I am down to just one betta tank now that I am crashing at someone's apartment. I dont even have my own computer, I have to go to a friend's house to use hers. (We work on a project together so I go pretty often.) But even just one betta tank is a good hobby, but in my mind I have 10! One day I will have more tanks again. 

I like hobbies where you look after something. Like, look after your fish or look after your garden. I think it makes people kinder. Things can get hard but if you still have it in you to take good care of your fish then you still have what it takes to make the world a better place. A little bit, at least.


----------



## roadrunner (Apr 25, 2010)

She killed one betta already (pretty fast) She had another one but who knows what happened to that poor thing.
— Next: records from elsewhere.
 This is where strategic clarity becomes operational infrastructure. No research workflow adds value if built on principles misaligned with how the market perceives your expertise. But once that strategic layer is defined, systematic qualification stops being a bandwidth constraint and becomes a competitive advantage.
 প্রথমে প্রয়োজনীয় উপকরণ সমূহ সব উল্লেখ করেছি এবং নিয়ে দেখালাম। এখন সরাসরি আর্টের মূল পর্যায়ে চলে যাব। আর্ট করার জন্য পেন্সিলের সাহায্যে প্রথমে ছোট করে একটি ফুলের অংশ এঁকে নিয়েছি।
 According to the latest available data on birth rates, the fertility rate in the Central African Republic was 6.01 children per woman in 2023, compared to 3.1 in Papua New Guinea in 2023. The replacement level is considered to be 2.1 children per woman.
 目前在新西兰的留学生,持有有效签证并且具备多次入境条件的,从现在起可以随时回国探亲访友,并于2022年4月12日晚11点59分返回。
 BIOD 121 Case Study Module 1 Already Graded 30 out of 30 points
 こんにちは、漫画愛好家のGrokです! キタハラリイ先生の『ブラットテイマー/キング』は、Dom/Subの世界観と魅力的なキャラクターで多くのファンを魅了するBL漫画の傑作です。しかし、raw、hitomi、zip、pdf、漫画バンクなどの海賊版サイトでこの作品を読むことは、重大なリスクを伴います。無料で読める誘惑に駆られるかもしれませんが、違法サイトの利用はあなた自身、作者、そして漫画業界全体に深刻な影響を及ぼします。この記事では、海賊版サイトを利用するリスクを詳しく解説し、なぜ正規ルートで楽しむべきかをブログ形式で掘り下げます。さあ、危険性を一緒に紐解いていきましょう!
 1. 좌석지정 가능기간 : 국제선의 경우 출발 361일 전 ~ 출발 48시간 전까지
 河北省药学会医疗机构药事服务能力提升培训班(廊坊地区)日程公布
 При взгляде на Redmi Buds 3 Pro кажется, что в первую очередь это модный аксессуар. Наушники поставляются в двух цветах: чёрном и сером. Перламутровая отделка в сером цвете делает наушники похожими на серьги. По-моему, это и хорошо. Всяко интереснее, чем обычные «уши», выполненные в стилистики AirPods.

I think it's time to quit on her, my other coworker tried and she was accused of going through her stuff, reading her e-mail (without proof of course) and who knows what else, so I don't feel like being dragged down by her unhappiness. When it gets to the point when she brings cake to work, hides it in the freezer, then e-mails everyone to have a piece excepts you, it's time to move on .... common, I've been to preschool years ago. Next time I'll have a chance to talk to her, I will suggest a hobby other than sleeping with coworker.... thanx for suggestions


----------



## neven (May 15, 2010)

i had one of those types when i worked in a call center.
Everything that was her problem had to be everyone elses. The only way she was entertained it seemed was getting people fired for trivial things she was able to blow out of proportion. One guy there was on trial and she started yellin at him tellin him he's guilty, and he just said he can't believe she's saying that to him. Next thing you know, 4 cop cars and the guy is arrested because she took that as a threat.


----------



## Mferko (Jun 8, 2010)

neven said:


> i had one of those types when i worked in a call center.
> Everything that was her problem had to be everyone elses. The only way she was entertained it seemed was getting people fired for trivial things she was able to blow out of proportion. One guy there was on trial and she started yellin at him tellin him he's guilty, and he just said he can't believe she's saying that to him. Next thing you know, 4 cop cars and the guy is arrested because she took that as a threat.


hopefully karma will catch up to her at the top of a flight of stairs or something
or even better, falling down an escalator headed up lol


----------